This pub is part of the project, “Useful computing at Arcadia.” Visit the project narrative for more background and context.
The sourmashconsumr R package is available in this GitHub repository. Documentation for the package is available here.
All code associated with figures and validation is available in this GitHub repository.
Share your thoughts!
Watch a video tutorial on making a PubPub account and commenting. Feel free to add line-by-line comments anywhere within this text, provide overall feedback by commenting in the box at the bottom of the page, or post about this work on social media. Please make all feedback public so other readers can benefit from the discussion.
We often use sequencing data to help answer biological questions and generate new hypotheses. One of the goals of Arcadia’s software team is to empower biologists to analyze their own data, and one way to achieve that is by packaging code that accomplishes routine tasks so that it’s easier for diverse scientists to jump into their own data.
In this pub, we’re sharing a tool that allows anyone working with sequencing data to analyze sourmash outputs in R, a language that excels at statistical analysis and visualization. We thought it would be especially helpful to include a standard set of go-to visualizations that we wouldn’t need to build from scratch every time we analyze a new dataset. With this package, we anticipate that scientists with a wider range of computational literacy will be able to directly play with their data, giving them more ownership and creativity.
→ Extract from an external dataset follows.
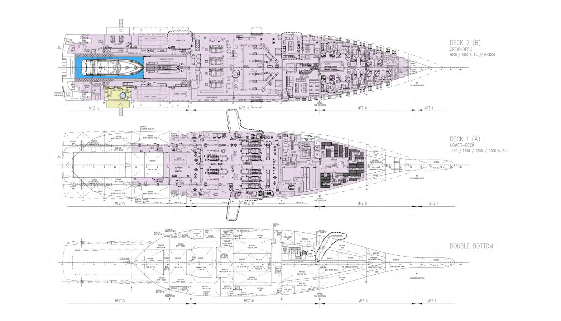 In addition to seven tenders, two life rafts, and an ROV, OCTOPUS is capable of housing an SUV and two helicopters in the garage, and her stern-access dock is home to a Pagoo, a submarine accommodating eight guests and two crew that can dive for up to eight hours. A dive centre and hyperbaric chamber are also on board, along with a beach club with bar.

Some biological computing tools, statistical methods, or visualizations are only available as R packages [1][2][3]. To access these methods, we need to load and parse biological data into the appropriate, often tool-specific, format.
Sourmash is a Python package that quickly compares potentially very large sets of DNA and protein sequences [4]. This functionality can be used to, for example, cluster transcriptomes [5] or genomes [6], to identify the taxonomy of new isolate or metagenome-assembled genomes [7], or to determine the taxonomic composition of a new metagenome sequence by comparing it against a database of reference genomes [8]. Sourmash outputs text files in JSON and CSV format that contain information about the sequences themselves or about the similarity between a sequence and other sequences. These text files can be used for many downstream applications, including visualization of pairwise sample similarity [5] or taxonomic composition [8], machine learning [9], differential abundance analysis [10], or to estimate pangenomes [11].
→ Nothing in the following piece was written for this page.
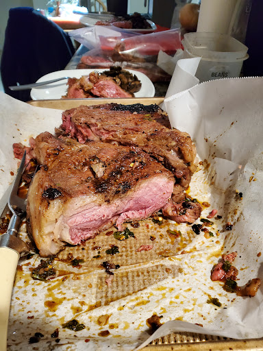 We got a mix of meats: ribeye, brisket, chicken, sausage, pork. They also have frozen veggies and an assortment of rubs and spices.
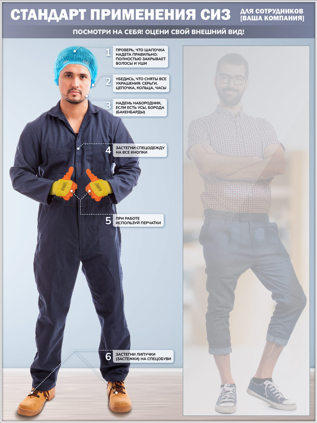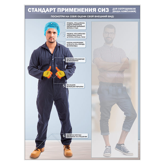 Стенд для демонстрации применения СИЗ с зеркалом, 1500х2000 мм в серебряном багете (СПС-02-С) в Альметьевске купить

The process of transforming the output of a sourmash command into a downstream analysis requires a substantial amount of code, much of which can be standardized between use cases (e.g., parsing). The sourmash Python API provides this functionality in the Python language, thereby lowering the bar for analysis of these outputs in Python. We sought a similar code base that would let us analyze sourmash outputs in R.
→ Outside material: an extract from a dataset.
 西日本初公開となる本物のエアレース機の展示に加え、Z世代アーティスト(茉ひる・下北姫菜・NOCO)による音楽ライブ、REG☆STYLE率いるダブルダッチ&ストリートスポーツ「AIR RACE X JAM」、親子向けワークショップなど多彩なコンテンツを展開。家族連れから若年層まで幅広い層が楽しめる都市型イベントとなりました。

We wrote an R package, sourmashconsumr, which provides parsing, visualization, and analysis functions to operate on the outputs of the sourmash Python package in R.
Below, we describe the main functionalities encoded in the sourmashconsumr R package (Figure 1). In addition to this overview, the package itself contains function documentation and a vignette that demonstrates how to use the code.
The sourmashconsumr R package is available at this GitHub repository (DOI: 10.5281/zenodo.7591833) under an MIT license. All code associated with figures and validation is available in this GitHub repository (DOI: 10.5281/zenodo.7591845).
The sourmashconsumr package provides parsing functions to read the output of sourmash sketch
, compare
, gather
, and taxonomy annotate
into R as tidy data frames. These function names begin with read*
. Each function takes the path to one or many files or URLs and returns a single data frame. These data frames can then be used to further analyze or visualize the input data using other code or R packages.
The majority of functions in the sourmashconsumr package implement common visualizations for each of the four output types that the read*
functions parse. These function names begin with plot*
. When possible, we encode visualizations as ggplot2 objects so that the user can add additional layers to control the plot aesthetics [12].
Below, we show some of the outputs of these functions using the datasets built into sourmashconsumr: six stool microbiome shotgun metagenome samples from the Integrated Human Microbiome Project Inflammatory Bowel Disease cohort [13], a longitudinal survey of the emergence of inflammatory bowel disease (IBD). The samples in the example data are all starting samples taken from different individuals. All individuals were symptomatic at this initial time point, but three individuals were diagnosed with Crohn’s disease (CD), a type of IBD, by the end of the year, and three individuals were not (Non-IBD).
SRA accession number | Group |
---|---|
SRR5936131 | CD |
SRR5947006 | CD |
SRR5935765 | CD |
SRR5936197 | Non-IBD |
SRR5946923 | Non-IBD |
SRR5946920 | Non-IBD |
Table 1. Example dataset distributed with the sourmashconsumr package.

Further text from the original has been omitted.